## DIRECTIONS FOR THIS TASK
Nothing but the lines from the one containing "Inštalačný kábel LYNX" to the end of the records that follow should be transcribed, each exactly, with the pictures left out.

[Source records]

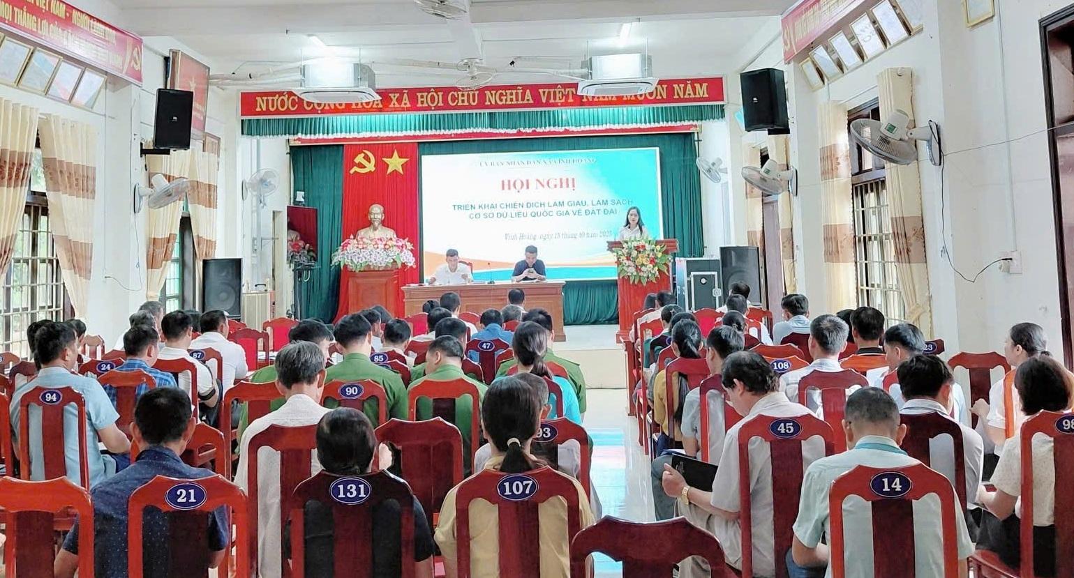 Ngày 15/10/2025, UBND xã Vĩnh Hoàng đã tổ chức hội nghị triển khai công tác làm giàu, làm sạch cơ sở dữ liệu quốc gia về đất đai trên địa bàn xã.
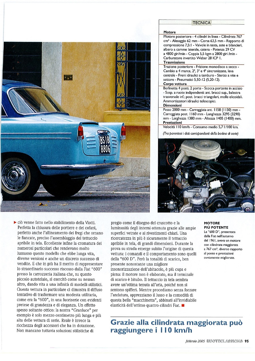La versione D del 1960 introdusse miglioramenti significativi, tra cui un motore potenziato da 767 cm³ per aumentare il divario prestazionale dalla 500. Il modello esposto dal Museo Nicolis è una versione speciale con cilindrata 750: un esclusivo coupé con tetto in tela, firmato dal celebre carrozziere Vittorino Viotti. uno dei più raffinati artigiani del design automobilistico italiano. Attivo fin dal 1921, il nome Viotti è legato, oltre che alla produzione di tante fuoriserie soprattutto su telai Fiat e Lancia, alla diffusione nel dopoguerra di un nuovo tipo di carrozzeria: la station wagon, a quei tempi chiamata più semplicemente “giardinetta”. La Fiat 600 rappresenta perfettamente l’estro creativo e il design italiano dell’epoca che contribuirono a diffondere il made in Italy nel mondo.
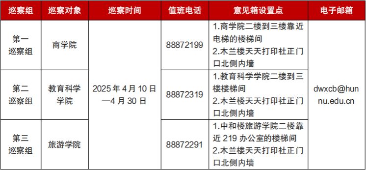 根據《中共湖南師范大學委員會巡察工作實施辦法(試行)》有關規定,經學校黨委研究,學校第六輪巡察決定對商學院、教育科學學院、旅游學院黨委開展常規巡察。現將有關事項公告如下:
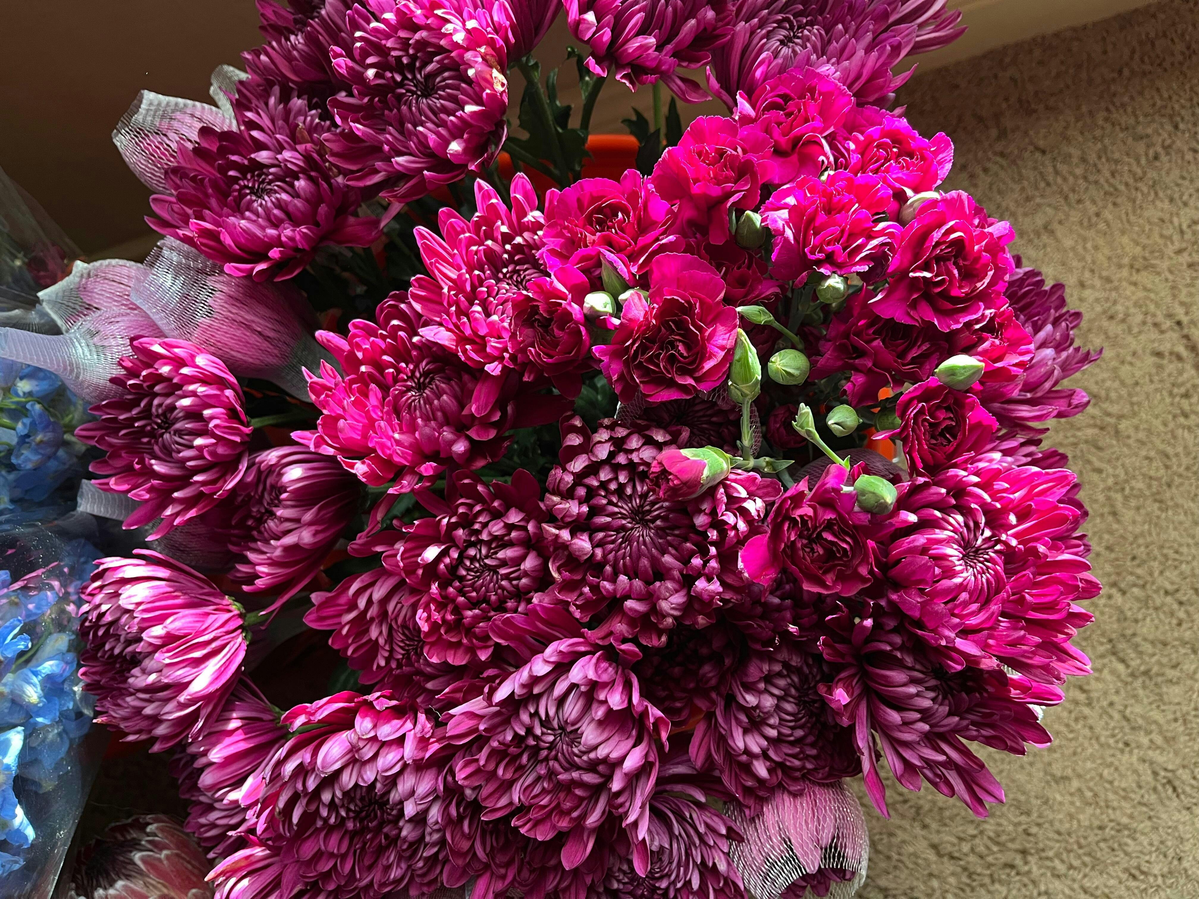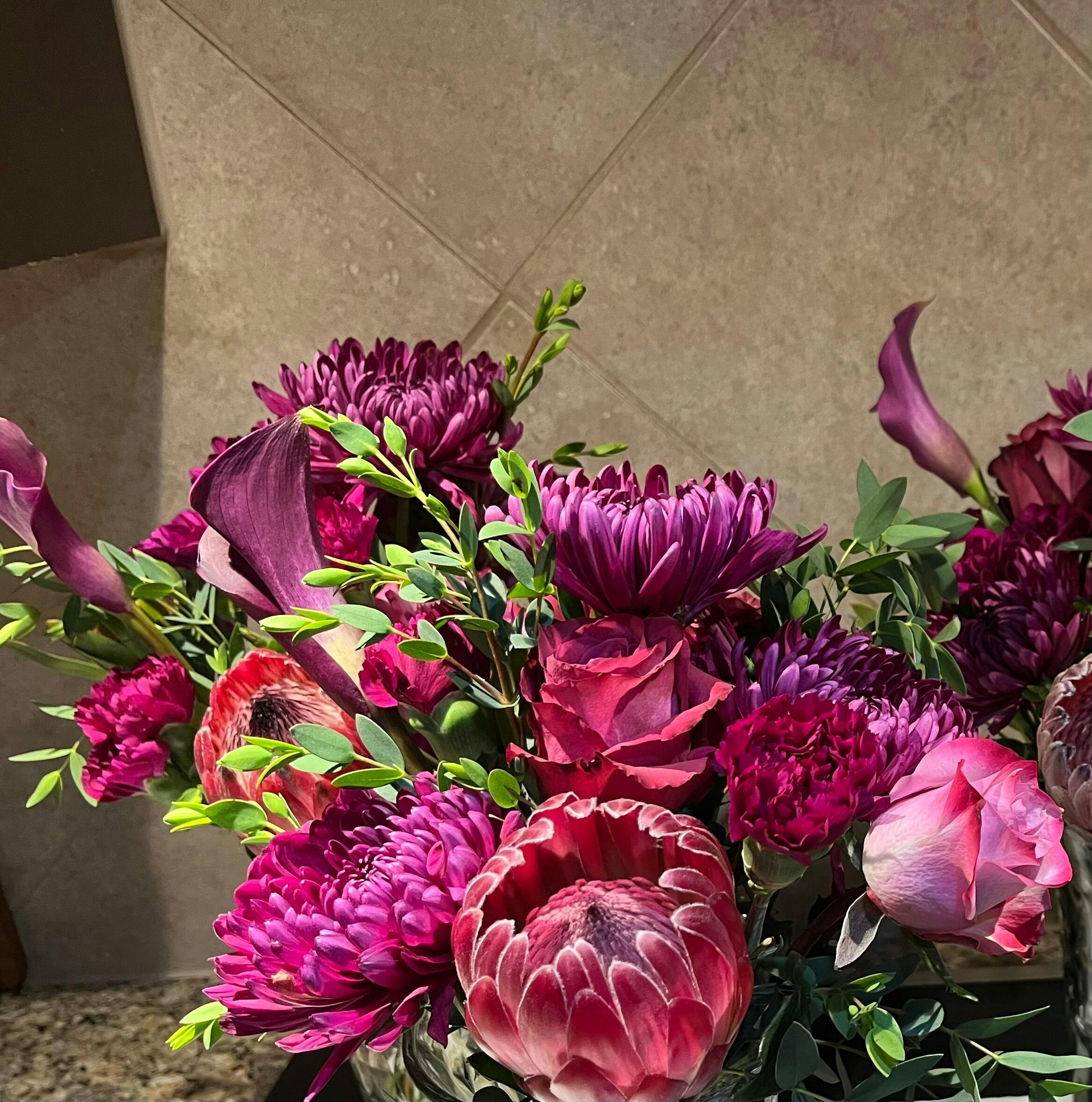 Hi Laura! Thank you for the lovely review! We are so happy to hear that you had a great experience with our Purpleberry Cremon Mum Flower. We take pride in providing the best customer service and communication. It's great to know that our packaging and sturdy flowers were able to make your arrangement even more unique. Thank you for sharing pictures of the final look! We love it.
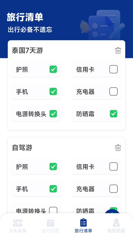 【携带物品清单】您可提前列出需要携带的物品,在出行前对照清单检查确认,避免遗漏重要物品。
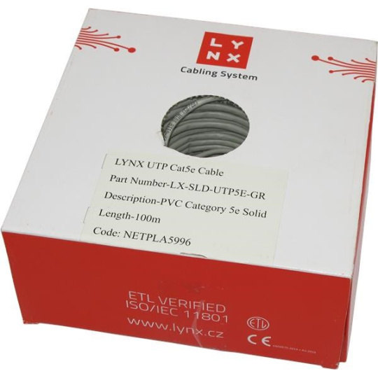 Inštalačný kábel LYNX Cat5E UTP je vhodný pre trvalé inštalácie vo vnútornom prostredí budov, stavieb a iných zariadení. Kábel je vhodný pre prenosové rýchlosti až 2,5 Gb/s. Kábel je vyrobený z medeného drôtu s priemerom 24AWG s PVC plášťom a triedou reakcie na oheň Dca.
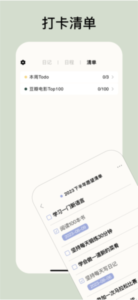 2、清单功能:打卡页自动记录进度和完成时间,灵感中心提供多样的打卡清单,帮助用户保持动力。

## SOLVED PROBLEM
 Inštalačný kábel LYNX Cat5E UTP je vhodný pre trvalé inštalácie vo vnútornom prostredí budov, stavieb a iných zariadení. Kábel je vhodný pre prenosové rýchlosti až 2,5 Gb/s. Kábel je vyrobený z medeného drôtu s priemerom 24AWG s PVC plášťom a triedou reakcie na oheň Dca.
 2、清单功能:打卡页自动记录进度和完成时间,灵感中心提供多样的打卡清单,帮助用户保持动力。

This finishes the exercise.